■ TASK BRIEF
Starting at the line below holding "km à 8,7 km |" and stopping at the line holding "King Mswati III", print every line exactly, both ends included, and leave the rest out.

■ EXTRACTED ENTRIES
- - - -

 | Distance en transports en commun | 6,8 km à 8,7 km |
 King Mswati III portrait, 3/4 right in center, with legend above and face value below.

- - - -

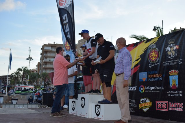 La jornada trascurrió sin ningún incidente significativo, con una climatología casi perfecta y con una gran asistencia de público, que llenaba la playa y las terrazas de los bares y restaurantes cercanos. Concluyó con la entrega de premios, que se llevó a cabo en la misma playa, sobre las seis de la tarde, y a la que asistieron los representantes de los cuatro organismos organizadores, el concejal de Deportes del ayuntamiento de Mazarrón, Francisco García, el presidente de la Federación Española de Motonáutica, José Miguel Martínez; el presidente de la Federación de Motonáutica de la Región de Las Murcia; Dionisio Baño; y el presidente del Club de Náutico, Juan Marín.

- - - -

■ EXERCISE ANSWER
 | Distance en transports en commun | 6,8 km à 8,7 km |
 King Mswati III portrait, 3/4 right in center, with legend above and face value below.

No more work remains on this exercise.